- Exercise objective: When you restate the records, do so word for word and omit any picture they contain.

[Items from a data source]
● ● ● ● ● ● ●

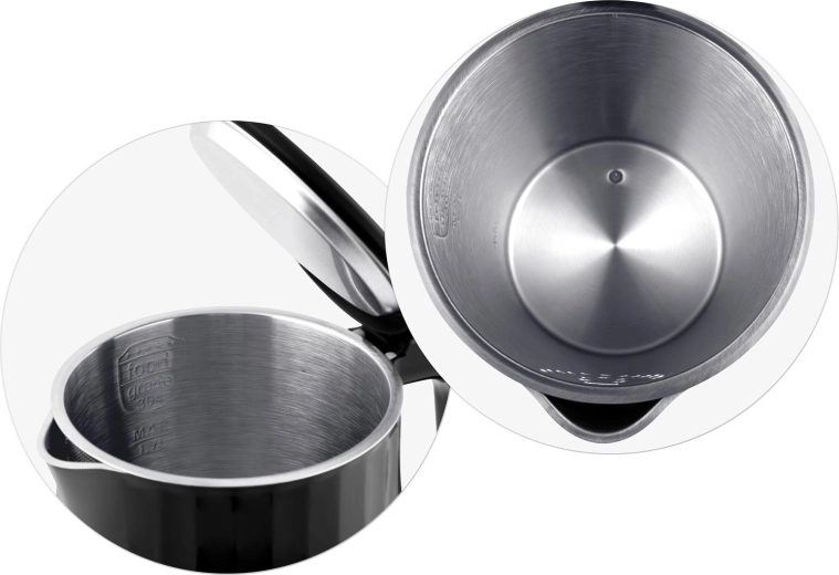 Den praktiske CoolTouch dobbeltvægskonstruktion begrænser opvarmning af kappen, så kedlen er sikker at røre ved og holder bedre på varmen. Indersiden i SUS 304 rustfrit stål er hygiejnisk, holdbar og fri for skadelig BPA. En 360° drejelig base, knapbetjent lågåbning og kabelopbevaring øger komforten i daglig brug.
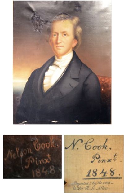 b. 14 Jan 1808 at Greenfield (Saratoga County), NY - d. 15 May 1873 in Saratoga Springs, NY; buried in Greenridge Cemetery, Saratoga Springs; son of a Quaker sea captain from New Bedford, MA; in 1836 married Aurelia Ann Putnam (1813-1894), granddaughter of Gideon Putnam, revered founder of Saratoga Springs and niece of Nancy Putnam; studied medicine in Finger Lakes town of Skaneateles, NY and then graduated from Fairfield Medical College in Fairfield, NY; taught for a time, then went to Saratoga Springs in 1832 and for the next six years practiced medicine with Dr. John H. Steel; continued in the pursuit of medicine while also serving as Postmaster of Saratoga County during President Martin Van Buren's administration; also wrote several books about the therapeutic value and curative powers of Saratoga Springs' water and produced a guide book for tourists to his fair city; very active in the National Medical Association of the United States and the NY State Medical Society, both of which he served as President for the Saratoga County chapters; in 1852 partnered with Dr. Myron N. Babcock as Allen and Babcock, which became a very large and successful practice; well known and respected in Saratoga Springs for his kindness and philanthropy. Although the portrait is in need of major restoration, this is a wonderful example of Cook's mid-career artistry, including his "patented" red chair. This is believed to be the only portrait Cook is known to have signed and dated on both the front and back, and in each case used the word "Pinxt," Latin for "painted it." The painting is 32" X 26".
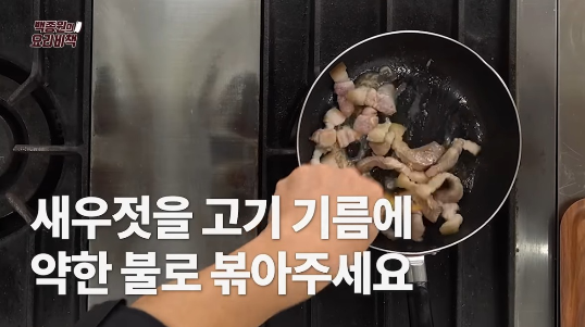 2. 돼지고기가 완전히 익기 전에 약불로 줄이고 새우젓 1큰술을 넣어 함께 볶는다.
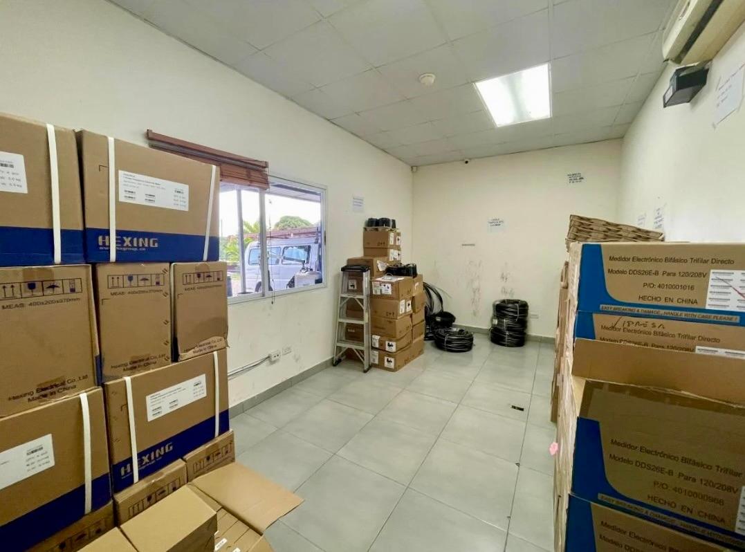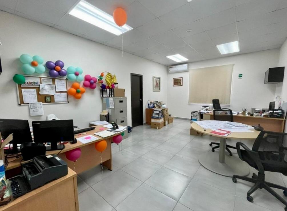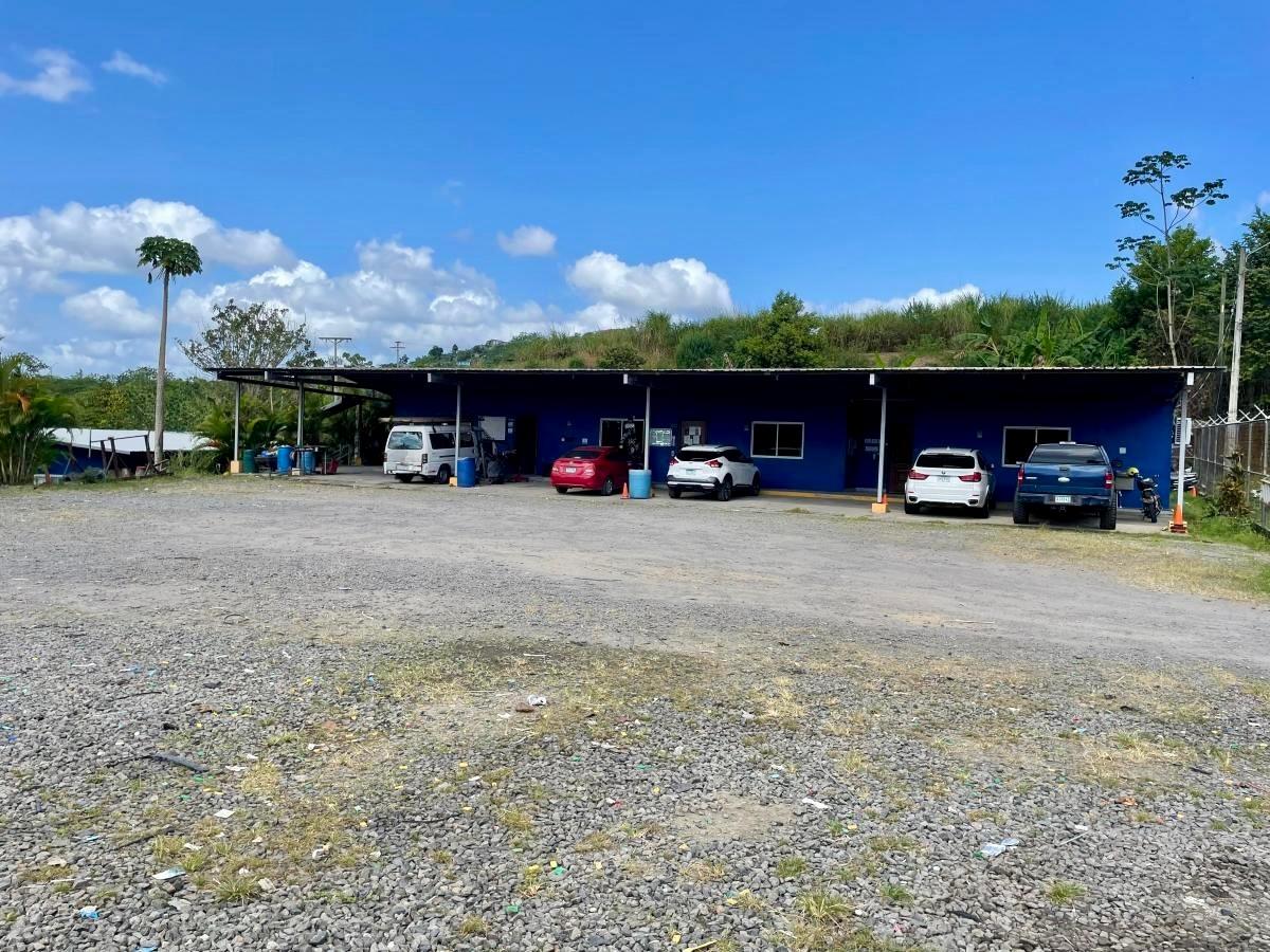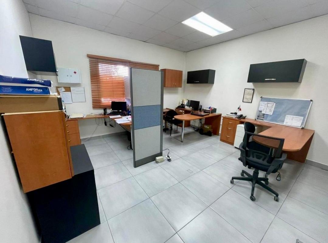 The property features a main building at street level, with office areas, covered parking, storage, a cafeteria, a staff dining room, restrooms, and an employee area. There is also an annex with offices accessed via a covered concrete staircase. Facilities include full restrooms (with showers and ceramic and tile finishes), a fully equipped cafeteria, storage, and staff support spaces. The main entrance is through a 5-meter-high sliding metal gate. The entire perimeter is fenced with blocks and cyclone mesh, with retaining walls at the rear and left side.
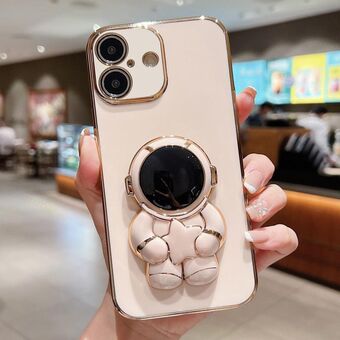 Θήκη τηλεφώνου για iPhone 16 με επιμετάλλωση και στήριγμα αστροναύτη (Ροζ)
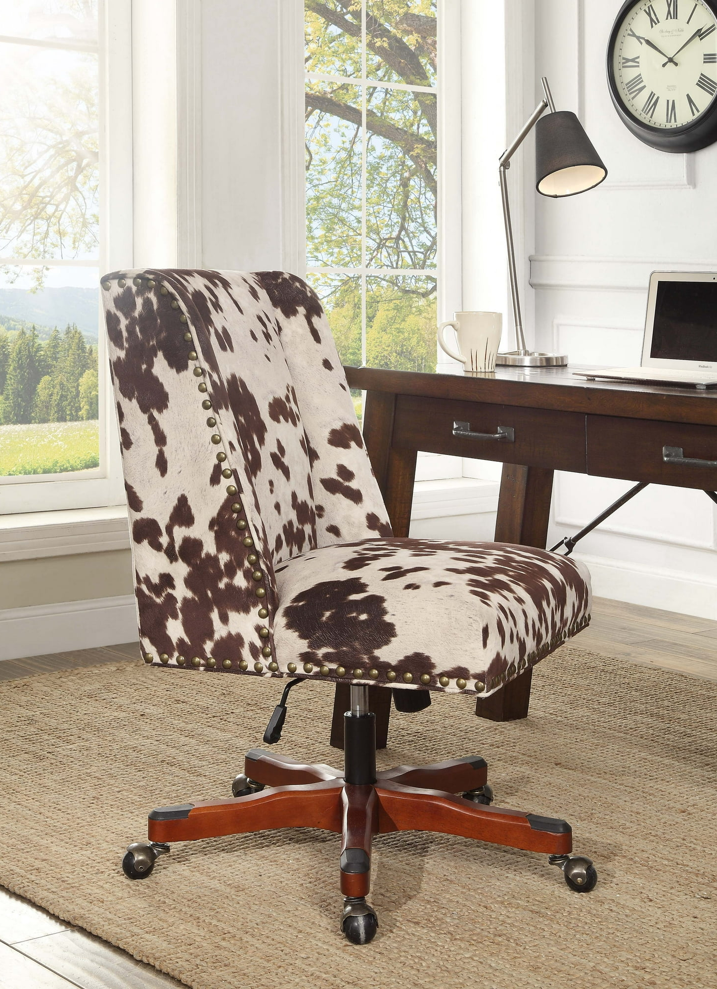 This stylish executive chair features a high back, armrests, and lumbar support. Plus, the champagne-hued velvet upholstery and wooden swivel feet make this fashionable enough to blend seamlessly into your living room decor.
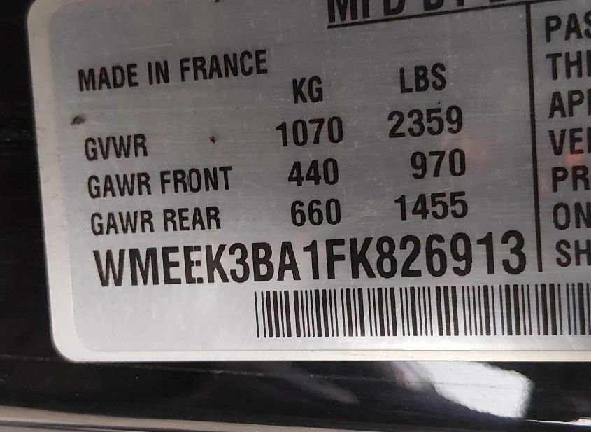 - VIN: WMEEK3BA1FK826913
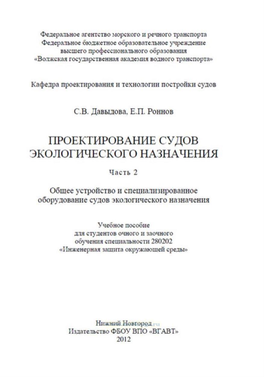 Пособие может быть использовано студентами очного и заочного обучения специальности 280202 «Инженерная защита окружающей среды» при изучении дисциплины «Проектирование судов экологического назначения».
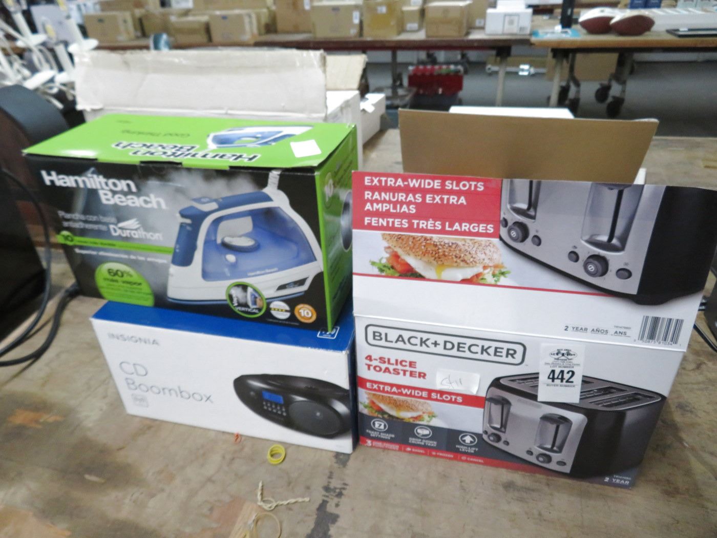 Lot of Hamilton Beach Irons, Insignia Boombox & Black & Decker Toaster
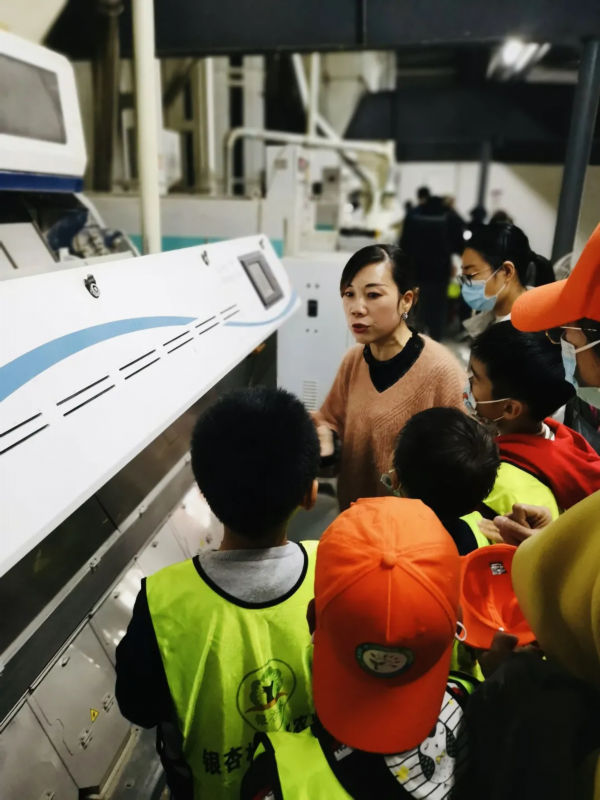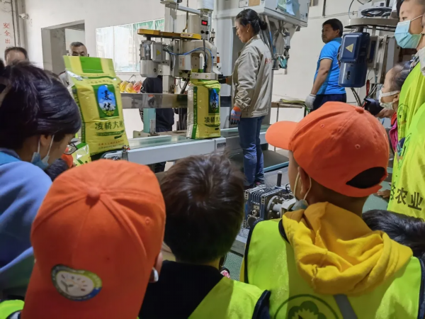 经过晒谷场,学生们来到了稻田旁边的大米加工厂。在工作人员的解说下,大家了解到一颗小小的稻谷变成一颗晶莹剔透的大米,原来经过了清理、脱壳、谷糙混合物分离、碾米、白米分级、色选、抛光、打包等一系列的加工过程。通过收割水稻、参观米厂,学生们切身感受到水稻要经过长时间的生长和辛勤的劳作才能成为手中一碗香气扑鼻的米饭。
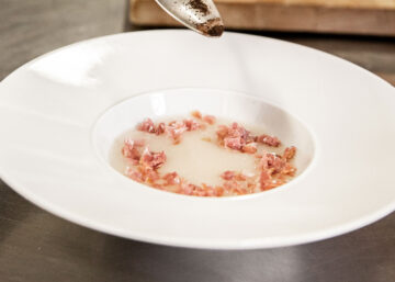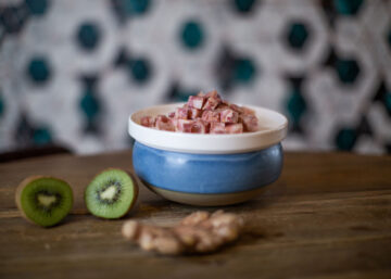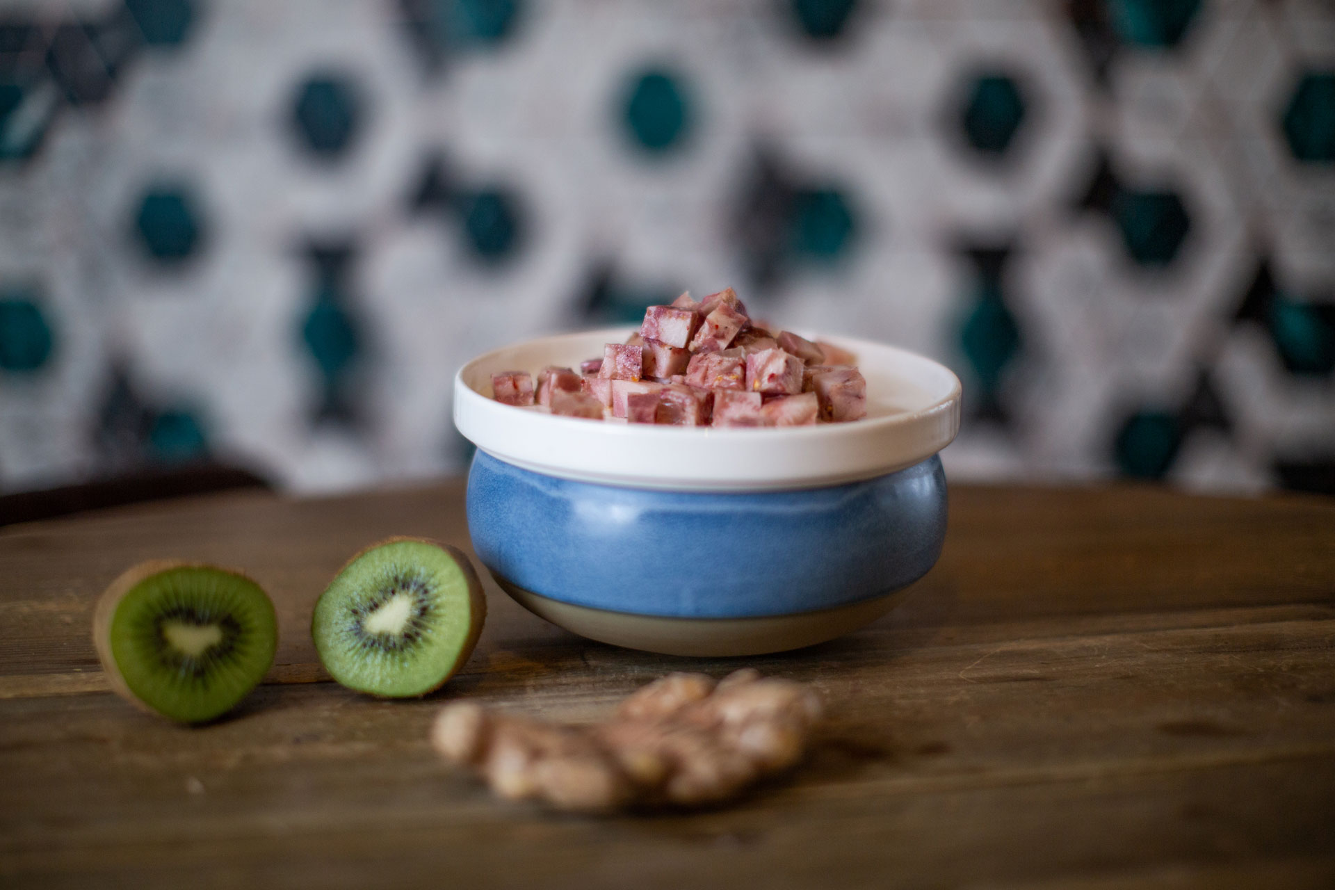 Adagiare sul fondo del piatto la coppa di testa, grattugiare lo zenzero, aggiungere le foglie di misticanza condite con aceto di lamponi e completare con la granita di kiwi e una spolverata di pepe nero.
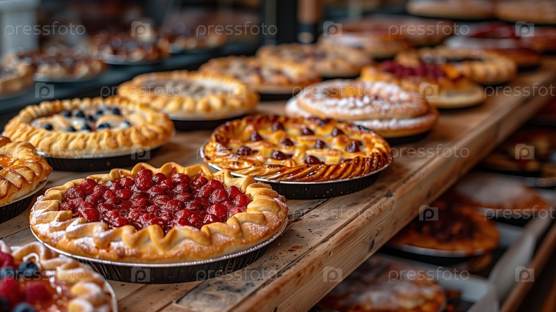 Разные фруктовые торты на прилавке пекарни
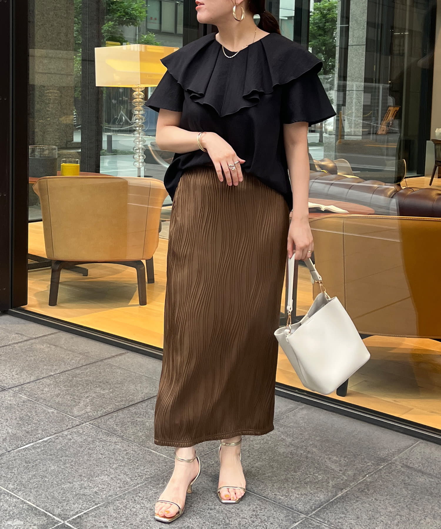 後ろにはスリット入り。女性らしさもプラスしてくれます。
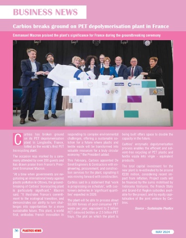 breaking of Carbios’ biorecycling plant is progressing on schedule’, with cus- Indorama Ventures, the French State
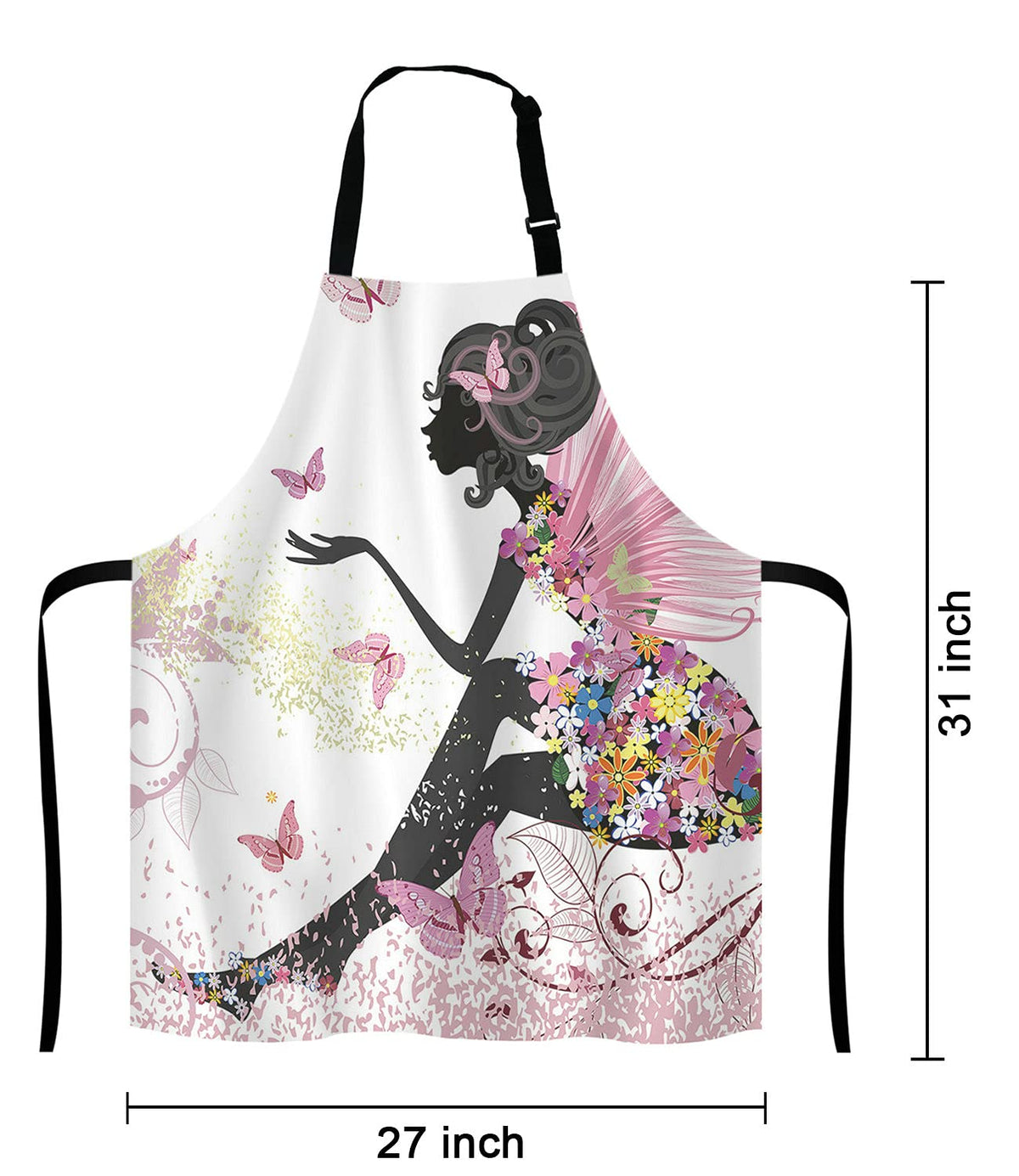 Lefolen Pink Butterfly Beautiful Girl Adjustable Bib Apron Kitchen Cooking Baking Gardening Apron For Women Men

● ● ● ● ● ● ●

- Exercise response:
 Den praktiske CoolTouch dobbeltvægskonstruktion begrænser opvarmning af kappen, så kedlen er sikker at røre ved og holder bedre på varmen. Indersiden i SUS 304 rustfrit stål er hygiejnisk, holdbar og fri for skadelig BPA. En 360° drejelig base, knapbetjent lågåbning og kabelopbevaring øger komforten i daglig brug.
 b. 14 Jan 1808 at Greenfield (Saratoga County), NY - d. 15 May 1873 in Saratoga Springs, NY; buried in Greenridge Cemetery, Saratoga Springs; son of a Quaker sea captain from New Bedford, MA; in 1836 married Aurelia Ann Putnam (1813-1894), granddaughter of Gideon Putnam, revered founder of Saratoga Springs and niece of Nancy Putnam; studied medicine in Finger Lakes town of Skaneateles, NY and then graduated from Fairfield Medical College in Fairfield, NY; taught for a time, then went to Saratoga Springs in 1832 and for the next six years practiced medicine with Dr. John H. Steel; continued in the pursuit of medicine while also serving as Postmaster of Saratoga County during President Martin Van Buren's administration; also wrote several books about the therapeutic value and curative powers of Saratoga Springs' water and produced a guide book for tourists to his fair city; very active in the National Medical Association of the United States and the NY State Medical Society, both of which he served as President for the Saratoga County chapters; in 1852 partnered with Dr. Myron N. Babcock as Allen and Babcock, which became a very large and successful practice; well known and respected in Saratoga Springs for his kindness and philanthropy. Although the portrait is in need of major restoration, this is a wonderful example of Cook's mid-career artistry, including his "patented" red chair. This is believed to be the only portrait Cook is known to have signed and dated on both the front and back, and in each case used the word "Pinxt," Latin for "painted it." The painting is 32" X 26".
 2. 돼지고기가 완전히 익기 전에 약불로 줄이고 새우젓 1큰술을 넣어 함께 볶는다.
 The property features a main building at street level, with office areas, covered parking, storage, a cafeteria, a staff dining room, restrooms, and an employee area. There is also an annex with offices accessed via a covered concrete staircase. Facilities include full restrooms (with showers and ceramic and tile finishes), a fully equipped cafeteria, storage, and staff support spaces. The main entrance is through a 5-meter-high sliding metal gate. The entire perimeter is fenced with blocks and cyclone mesh, with retaining walls at the rear and left side.
 Θήκη τηλεφώνου για iPhone 16 με επιμετάλλωση και στήριγμα αστροναύτη (Ροζ)
 This stylish executive chair features a high back, armrests, and lumbar support. Plus, the champagne-hued velvet upholstery and wooden swivel feet make this fashionable enough to blend seamlessly into your living room decor.
 - VIN: WMEEK3BA1FK826913
 Пособие может быть использовано студентами очного и заочного обучения специальности 280202 «Инженерная защита окружающей среды» при изучении дисциплины «Проектирование судов экологического назначения».
 Lot of Hamilton Beach Irons, Insignia Boombox & Black & Decker Toaster
 经过晒谷场,学生们来到了稻田旁边的大米加工厂。在工作人员的解说下,大家了解到一颗小小的稻谷变成一颗晶莹剔透的大米,原来经过了清理、脱壳、谷糙混合物分离、碾米、白米分级、色选、抛光、打包等一系列的加工过程。通过收割水稻、参观米厂,学生们切身感受到水稻要经过长时间的生长和辛勤的劳作才能成为手中一碗香气扑鼻的米饭。
 Adagiare sul fondo del piatto la coppa di testa, grattugiare lo zenzero, aggiungere le foglie di misticanza condite con aceto di lamponi e completare con la granita di kiwi e una spolverata di pepe nero.
 Разные фруктовые торты на прилавке пекарни
 後ろにはスリット入り。女性らしさもプラスしてくれます。
 breaking of Carbios’ biorecycling plant is progressing on schedule’, with cus- Indorama Ventures, the French State
 Lefolen Pink Butterfly Beautiful Girl Adjustable Bib Apron Kitchen Cooking Baking Gardening Apron For Women Men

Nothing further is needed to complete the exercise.